L'Europe définit simplement quel est le prix du ticket et les modalités de paiement.  Il est facile - populiste même, pour employer un terme à la mode - de plaider la clémence et l'ouverture, mais cela ne fera que provoquer un appel d'air. Comme le répondit le président Deng Xiaoping à des journalistes américains s'inquiétant de l'impossibilité pour les Chinois de quitter leur pays:

"Mais qu'à cela ne tienne, combien de millions en voulez-vous?"


Les donneurs de leçon se tinrent coi. Les journalistes de l'époque avaient plus de jugeote que les humanistes de la nôtre.

Combien de millions en voulons-nous?

Et lesquels voulons-nous?

Entrer en Europe aujourd'hui n'implique pas d'être en règle avec les autorités, instruit ni porteur de talents. Pas besoin non plus de respecter la société occidentale, puisque le voyage implique de violer dès son arrivée les lois du pays d'accueil. Il faut simplement s'arranger avec des passeurs.

D'innombrables familles se privent ou empruntent à des individus peu recommandables un budget pour un aller simple vers l'Europe. S'ils survivent, les candidats au voyage auront une dette auprès des mafias. Comme ils auront rarement des compétences à faire valoir, ils se cantonneront à des travaux au noir, de petits trafics ou la criminalité pure et simple - une vie entièrement aux dépens de la société.

Pour entrer en Europe aujourd'hui il faut être sans scrupule et bon nageur. Pas besoin d'être devin pour se douter que cette "immigration choisie" n'est pas la meilleure.
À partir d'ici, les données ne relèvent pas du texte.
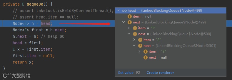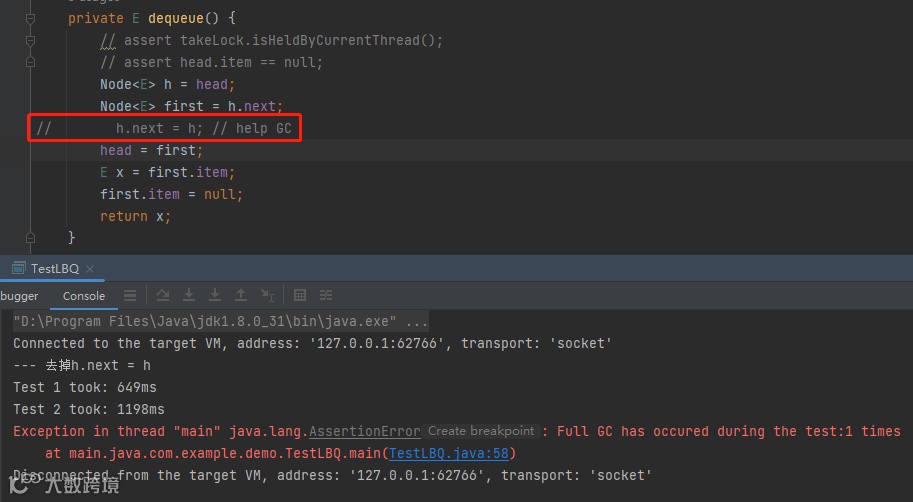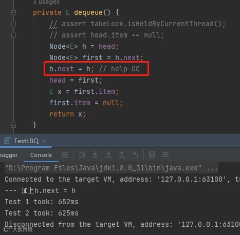 当 LinkedBlockingQueue 里面加入了 h.next=null 的代码,跑上面的程序,输出结果是这样: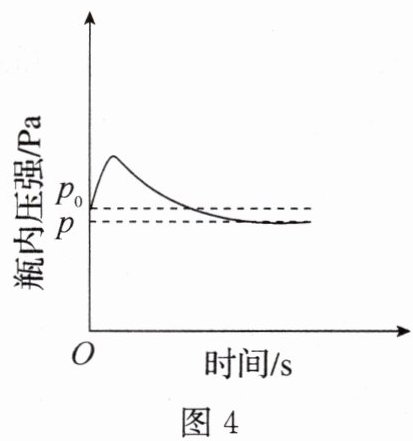 图 3 所示装置中,与集气瓶相连的压强、数据传感器等电子设备能将集气瓶内气体压强精确地记录并保存下来。图 4 为“从点燃酒精灯到熄灭酒精灯”过程中集气瓶内的压强—时间关系图(该装置气密性良好,$p_{0}$ 是集气瓶内初始气压,$p$ 是反应结束后恢复到室温时集气瓶内的气压)。根据实验二的实验结论,可知 $p_{0}$

On se prend à rêver à ce que pourrait être une immigration au mérite où les familles candidates soucieuses de s'intégrer investiraient dans les compétences de leurs enfants, où elles auraient le droit de venir en Europe par la grande porte après avoir passé un concours, plutôt qu'à payer des réseaux de passeurs comme maintenant. On pourrait imaginer une immigration au parrainage où les hôtes se porteraient garant de leurs invités étrangers, y compris sur le plan financier. On pourrait imaginer des solutions créatives et constructives.

Mais il est apparemment plus facile de criminaliser les pêcheurs portant secours et de décréter une journée des pleurs que d'avoir un discours cohérent sur l'immigration, pour le plus grand malheur des prochains noyés.